(Items from a data source)
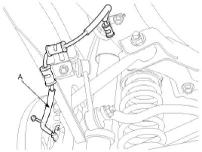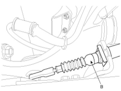8. Install the wheel speed sensor (A) and parking brake cable (B).
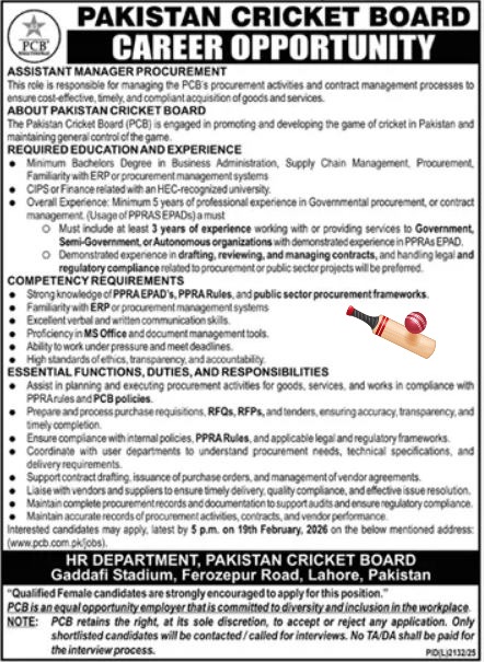 Pakistan Cricket Board (PCB) – Assistant Manager Procurement
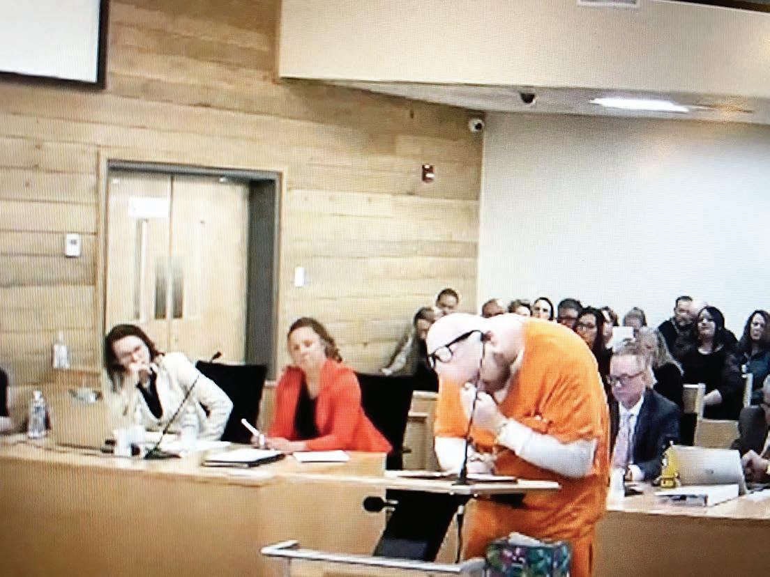 Former Clear Creek County deputy Andrew Buen addresses Christian Glass’ family in advance of his sentencing in district court on April 14, 2025. Buen was convicted in February in the shooting death of Christian Glass.
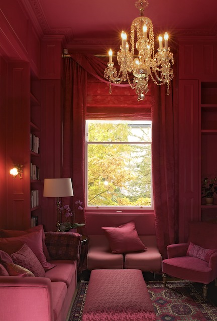 The use of such extreme contrast of colour debunks the myth that bold colours make rooms feel small. In fact, quite the contrary - by not breaking the lines with a white ceiling, or window frames, the single colour deepens the mood and evokes a lively sensation.
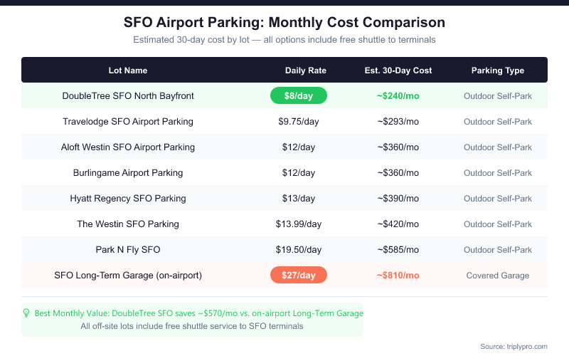 Parking at DoubleTree SFO North Bayfront for a full month costs around $240 — that's a 70% saving versus the on-airport Long-Term Garage. Even mid-range options like Hyatt Regency SFO save you roughly $420 over 30 days. If you're parking for multiple weeks each month, off-site is almost always the better financial choice.
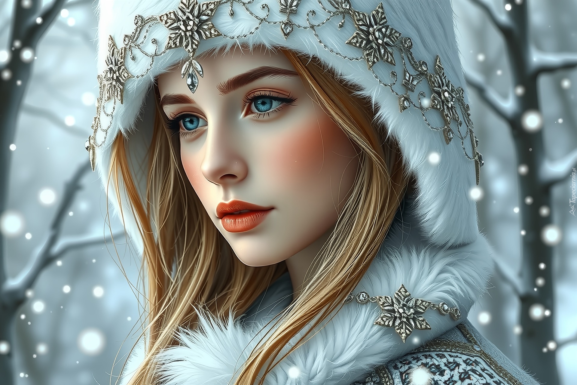 Edytor tapety: Długowłosa blondynka w czapce z biżuterią
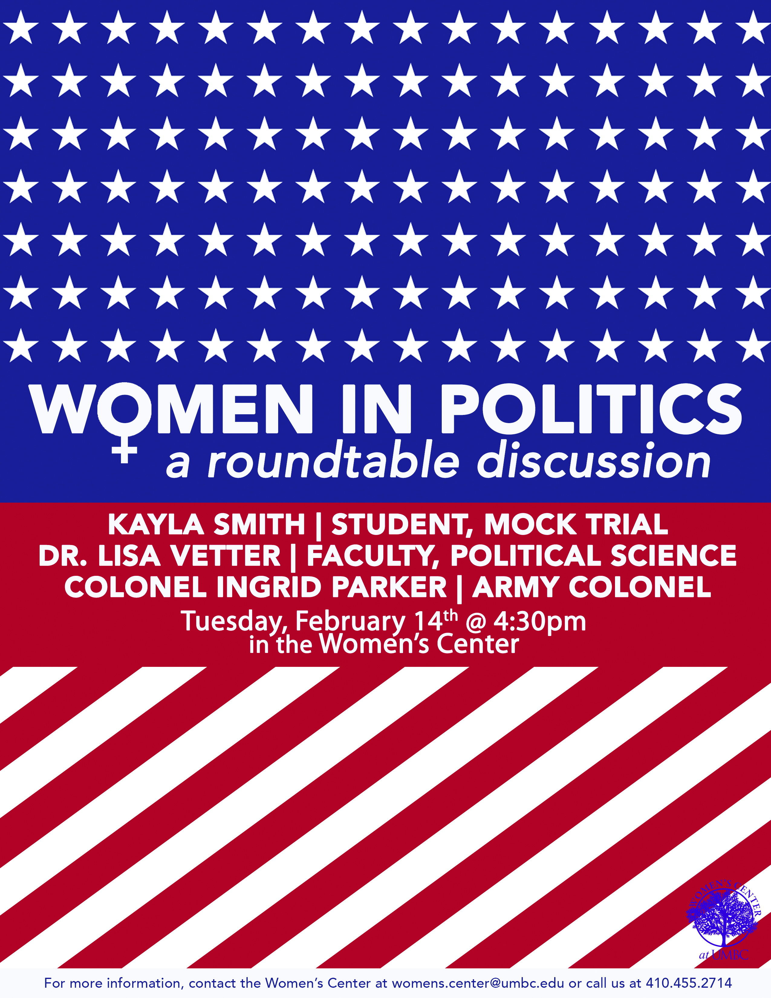 Join the Women’s Center and our guest panelists Dr. Lisa Vetter (Political Science), Colonel Ingrid Parker (LLC Student), Kayla Smith (INDS major, Mock Trial competitor).
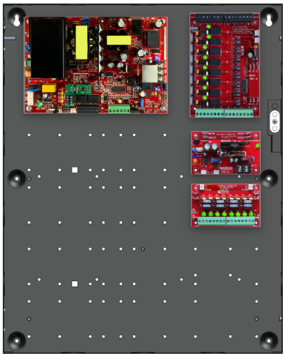 • 1 x C8 (8 Relay Lock Outputs) 3A fused outputs, programmable for failsafe/failsecure, FAI, NC/NO input, voltage or dry output per zone.  Dual buss voltage selection by zone, OutSmart dual color LEDs
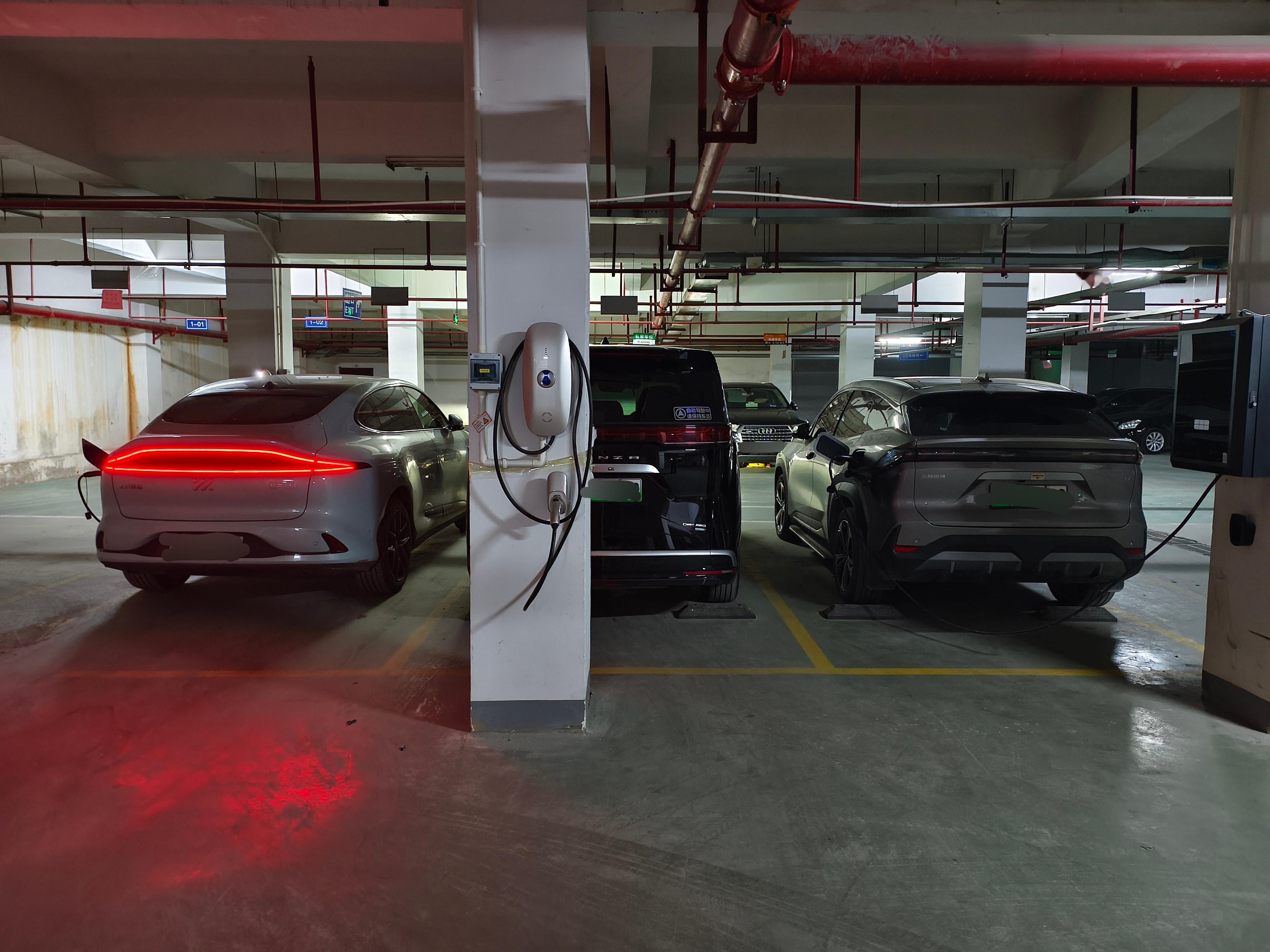 楼下地库附近区域本来没几辆新能源,结果我买了一辆装了充电桩,连着三个车位就都买了,还都装了充电桩,车位越来越挤

AIM OF THE EXERCISE: Using the data above, copy exactly the lines from the one containing "Edytor tapety: Długowłosa" to the one containing "Join the Women’s", inclusive. Exclude the pictures.

YOUR SOLUTION:
 Edytor tapety: Długowłosa blondynka w czapce z biżuterią
 Join the Women’s Center and our guest panelists Dr. Lisa Vetter (Political Science), Colonel Ingrid Parker (LLC Student), Kayla Smith (INDS major, Mock Trial competitor).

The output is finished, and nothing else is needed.